In the samples collected from the susceptible plants, the three most stably expressed genes taking into account the efficiency correction were as follows: CYP28, SPS, and TBP (according to geNorm); TBP, ACT, and SPS (according to BestKeeper); CYP28, SPS, and TBP (according to NormFinder); TBP, ACT, and GAPC (according to ΔCt method); CYP28, SPS, and GAPC (according to RefFinder). Changes in the order of the unstably expressed genes were found in the results obtained from NormFinder (for genes EF1A, UBQ, and UBC), ΔCt (for RPL23A, RCA, and SPS) and RefFinder (for EF1A, UBQ, and RPL23A).

The greatest differences in the initial three positions were found in the results obtained for the samples harvested from the resistant plants. The most stably expressed genes after efficiency correction ranked as follows: TBP, ARF1, and ACT (according to geNorm); ACT, TBP, and ARF1 (according to BestKeeper); GAPC, TBP, and CYP28 (according to NormFinder); TBP, GAPC, and UBC (according to ΔCt method); TBP, GAPC, and ACT (according to RefFinder). However, the positions of the most as well as the least stably expressed genes were unaltered in the NormFinder ranking. The unstably expressed genes in the rankings were changed accordingly to the following methods: BestKeeper (EF1A, SPS, and UBQ), ΔCt method (RCA, RPL23A, and EF1A), and RefFinder (EF1A, SPS, and RPL23A).

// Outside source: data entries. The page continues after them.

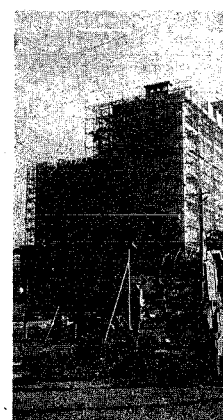
完成近い宮浦住宅

母子世帯 曾野木団地は、母子世帯が住みやすいよう、20平米の部屋を設けています。
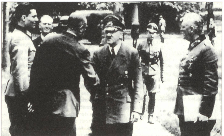
Am 15. Juli 1944 in der «Wolfsschanze»: ganz links Claus von Stauffenberg, in der Mitte Hitler, rechts Wilhelm Keitel.
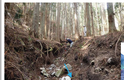
令和5年台風第13号により山腹が拡大崩壊し下流保全対象が被災
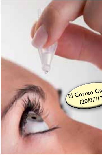
El Correo Gallego (20/07/13)
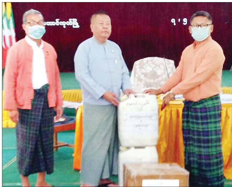
ပြည်နယ်ဝန်ကြီးချုပ် ဦးညီပုနှင့်အဖွဲ့ ဒေါ်ခင်ကြည်ဖောင်ဒေးရှင်းမှ ပေးအပ်လှူဒါန်းမှုကို လက်ခံ ရယူစဉ်။
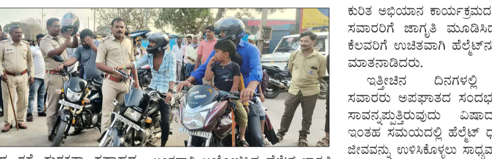
ವತಿಯಿಂದ ರಸ್ತೆ ಸುರಕ್ಷತಾ ಸಪ್ತಾಹದ ಅಂಗವಾಗಿ ಆಯೋಜಿಸಿದ್ದ ಹೆಲ್ಮೆಟ್ ಜಾಗೃತಿ
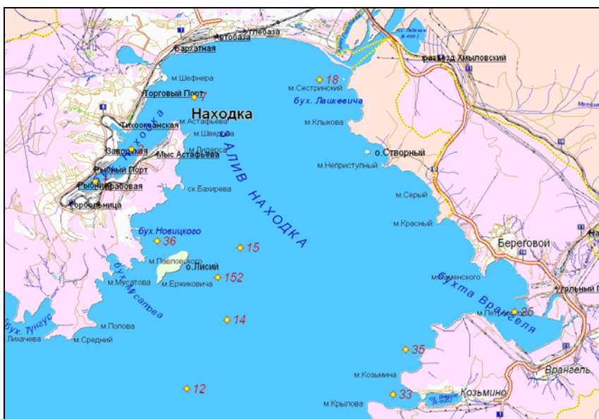
Рис. 12.6. Станции отбора проб в заливе Находка в 2009 г.

В 2009 г. гидрохимические наблюдения за состоянием акватории залива Находка проводились в октябре на 12 станциях ГСН (Рис. 12.6).
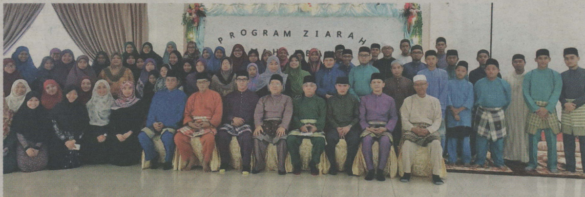
Sesi bergambar ramai bersama para program tersebut.

Kampung Kiudang, Kampung Batang Mitos dan Kampung Bakiau.
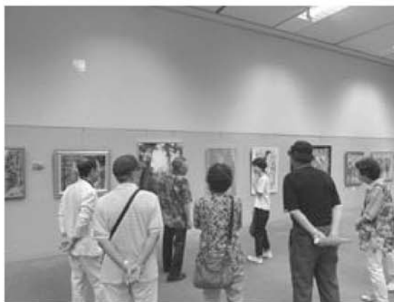
いせはら市展の様子
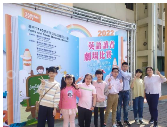
學童參加英語讀者劇場比賽，屢獲佳績
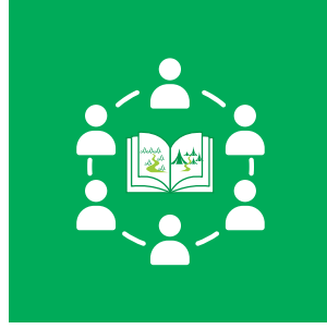
Toplumda Çevre Okuryazarlığı
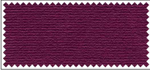
weinrot / bordeaux / wine red
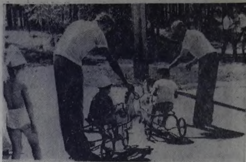
В парке строителей в выходной день.

Н. ПОЗДНЯКОВА, наш внештатный корреспондент.
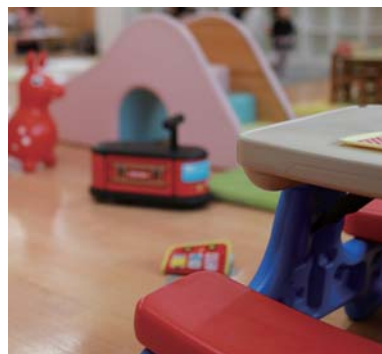
遊具・玩具・キッズルーム
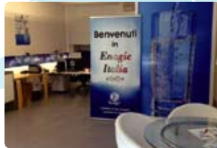
13 Italy (意大利)
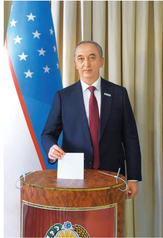
Кандидат в Президенты Республики Узбекистан от Социал-демократической партии Узбекистана «Адолат» Бахром Абдухалимов проголосовал на избирательном участке № 405 города Ташкента.

Нынешние выборы прошли в соответствии с международными стандартами на основе принципов гласности, многопартийности, свободы и равенства. В избирательном законодательстве закреплены свободное участие граждан в избирательной кампании, непосредственное использование своего права при тайном голосовании.
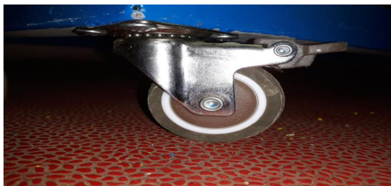
شكل (2) يوضح عجلات الجهاز

1- العجلات: يتكون الجهاز من اربعة عجلات تدور بجميع الاتجاهات حتى يسهل عملية تحريك الجهاز باتجاهات مختلفة ، وتحتوي العجلات على كوابح تساعد على عدم تحريك الجهاز بعد القيام بتحديد المسار الحركي المناسب للاعب, وكما موضح بالشكل التالي:
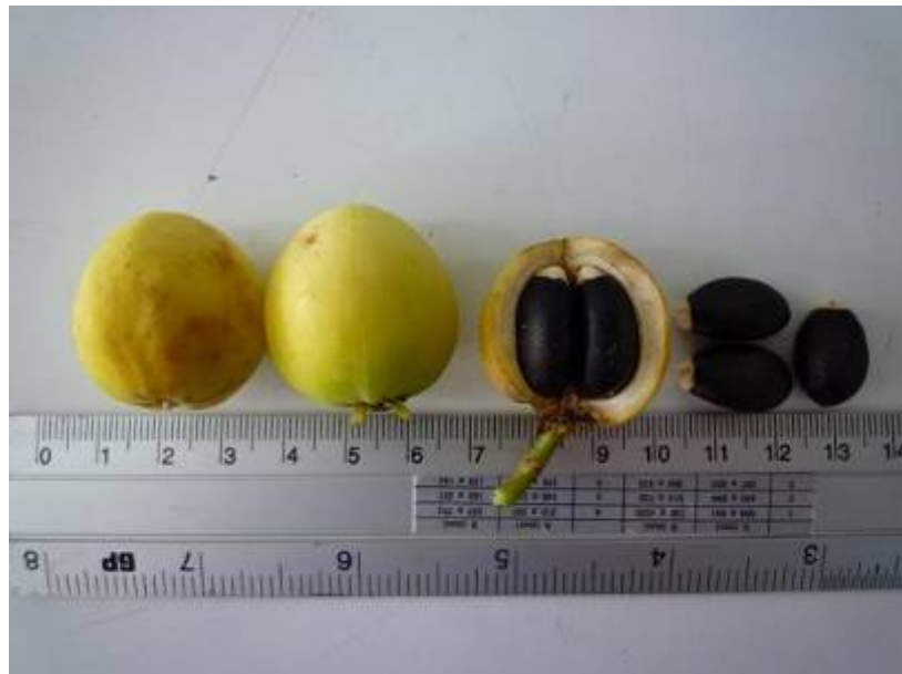
สบู่ดำลูกผสม (ข้ามชนิด) พันธุ์พีชัย 4

ภาพเปรียบเทียบความแตกต่างระหว่างสบู่แดง สบู่ดำ และสบู่ดำลูกผสม (ข้ามชนิด) พันธุ์พีชัย 4
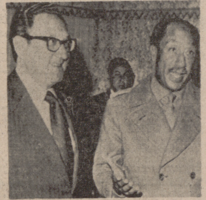
Sadat y Kissinger, en la residencia del primero en Assuan.

Señalan los funcionarios que Habib Burguiba, Presidente de Túnez, de setenta años, será elegido primer Presidente de la nueva República. (Pasa a la pág. siguiente)
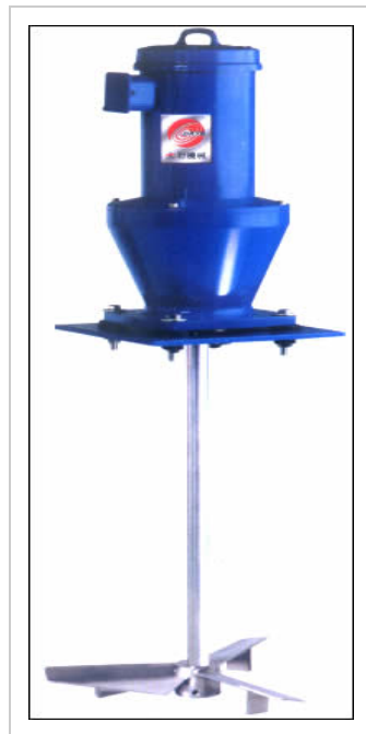
各类搅拌形式（叶轮）

Two reference genes are required for the normalization of target genes expression results

Pairwise variation (Vn/n+1) between the two sequential normalization factors (NFn and NFn+1) was calculated using geNorm. The threshold value of pairwise variation (V) below 0.15 indicates the minimum number of reference genes needed for the normalization of the target gene. In all samples collected from the plants susceptible and resistant to the herbicide, the target gene is required to be normalized using two reference genes. The V2/3 value was lower than 0.15, regardless of the experimental variant (Fig. 4).

Figure 4.

Figure 4

Determination of the optimal number of reference genes necessary for the accurate normalization in all tested samples, susceptible and resistant plant samples.

Validation of the selected reference genes revealed the constitutive ABCC10 and CYP89A2 up-regulation of their expression in plants resistant to pyroxsulam

ABC transporters as well as CYP450s are found to be involved in the metabolism-based NTSR to ALS inhibitors21. ABCC10 was highly expressed in Myosoton aquaticum plants resistant to ALS inhibitor22, while CYP89A2 was identified to confer metabolism‐based diclofop resistance in Lolium rigidum23. To normalize the ABCC10 and CYP89A2 expressions, the selected pairs of reference genes were chosen according to the efficiency corrected results. The analysis was performed using the most stably (TBP and GAPC) and the least stably (EF1A and UBQ) expressed HKGs in all samples, to show the differences in target genes expression between the pyroxsulam resistant and susceptible plants.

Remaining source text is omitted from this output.